GDIT

HPC Technical Lead

Any Location / Remote Full time

Type of Requisition:

Regular

Clearance Level Must Currently Possess:

None

Clearance Level Must Be Able to Obtain:

None

Public Trust/Other Required:

None

Job Family:

IT Infrastructure and Operations

Job Qualifications:

Skills:

High Performance Computing (HPC), lustre, Portable Batch System (PBS), Python Software Development, Red Hat Enterprise Linux (RHEL)

Certifications:

None

Experience:

10 + years of related experience

US Citizenship Required:

Yes

Job Description:

GDIT is looking for an HPC Technical Lead that will provide deep technical expertise and leadership for the WCOSS production environment, ensuring stability, performance, and scalability of NOAA’s operational HPC systems.
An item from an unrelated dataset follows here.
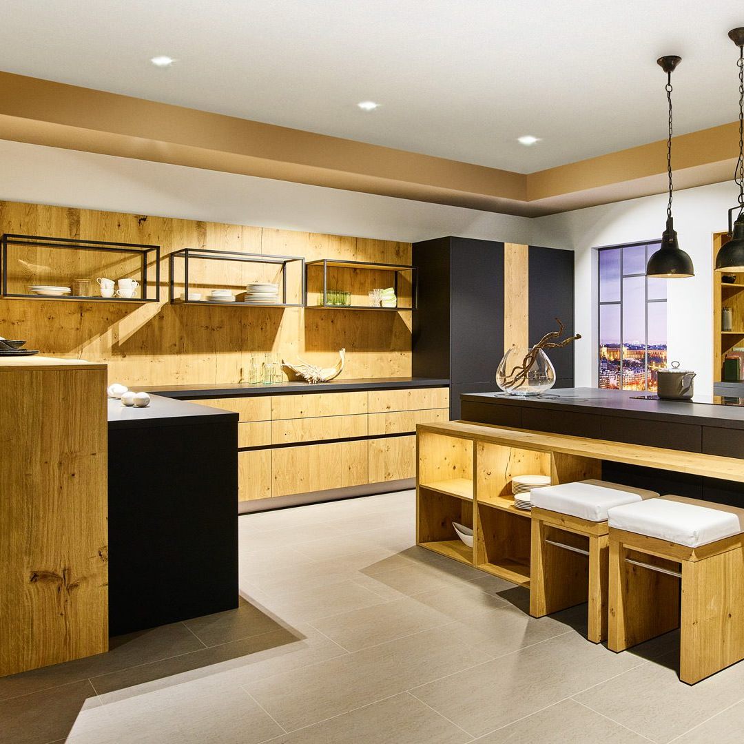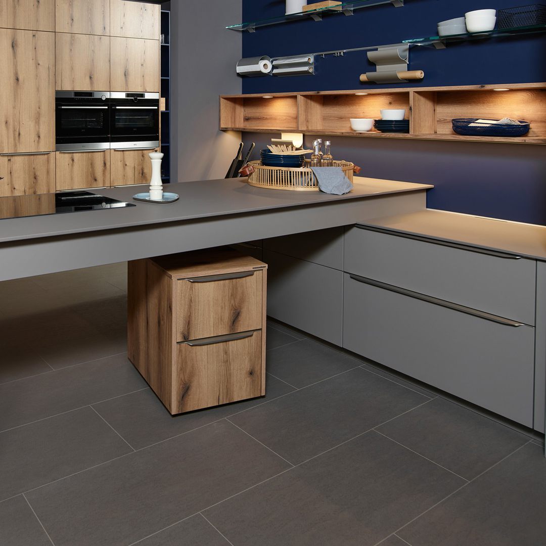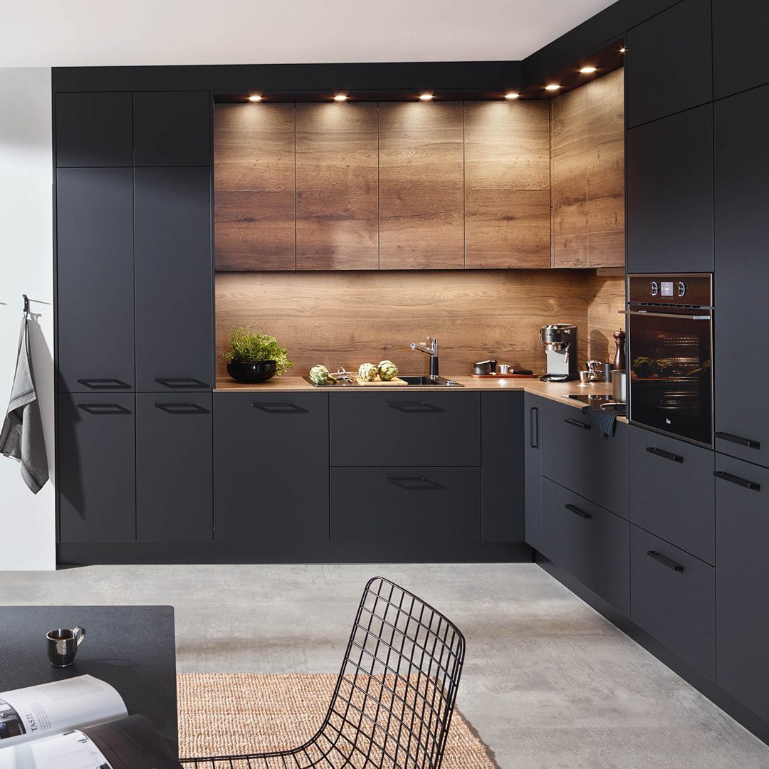 Der Kontrast von mattschwarzen Fronten und heller Eiche-Optik verwandelt die Küche in eine moderne Zeitgeist-Oase. LARA-LANA bietet viel Stauraum und Dekorationsmöglichkeit.

This role focuses on technical execution, troubleshooting, and guiding the team in implementing best practices for HPC operations.

Key Responsibilities

  • Technical Leadership
    • Serve as the primary technical authority for all HPC operational matters.
    • Lead and drive root‑cause analysis and problem resolution for critical incidents across compute, storage, and interconnect components.
  • System Performance & Reliability
    • Monitor, analyze, and optimize performance across compute nodes, interconnects, and storage subsystems.
    • Conduct proactive health checks and performance tuning to ensure system readiness for 24×7 mission‑critical NOAA workloads.
  • Change & Configuration Management
    • Lead technical planning and readiness reviews for all system upgrades, patches, and enhancements.
    • Maintain configuration baselines and ensure compliance with security requirements (e.g., RMF/STIG).
  • Collaboration & Customer Technical Interface
    • Act as the primary technical point of contact for NWS/NOAA for detailed HPC discussions, system behavior, and operational issues.
    • Coordinate with NOAA scientific teams to understand modeling workload needs and optimize HPC resources accordingly.

Required Skills

  • 10+ years of hands‑on HPC systems administration and troubleshooting experience, including Cray, SGI, or comparable large‑scale systems.
  • Extensive experience supporting Federal HPC environments, demonstrating readiness for NOAA/NWS operational environments.
  • Deep Linux expertise, including SLES, RHEL, and CentOS across multiple HPC platforms.
  • Strong technical experience with HPC storage (e.g., Lustre), interconnects (e.g., InfiniBand), and performance tuning of large‑scale computing systems.
  • Proven leadership of HPC technical teams, including mentoring and directing system administrators and engineers supporting very large core.
  • Demonstrated success performing root cause analysis, escalated troubleshooting, and incident recovery in production HPC environments.
  • Experience implementing STIG/RMF security controls across HPC systems and applying DoW‑grade configuration compliance.
  • Excellent communication skills, capable of translating complex technical issues to customers and stakeholders.

Preferred Qualifications

  • Prior experience supporting NOAA/NWS operational HPC systems, especially in real‑time weather or climate modeling environments.
  • Experience designing or improving HPC system architectures, monitoring frameworks, or performance analysis pipelines.
  • Experience presenting technical findings to scientific, engineering, or federal customer groups.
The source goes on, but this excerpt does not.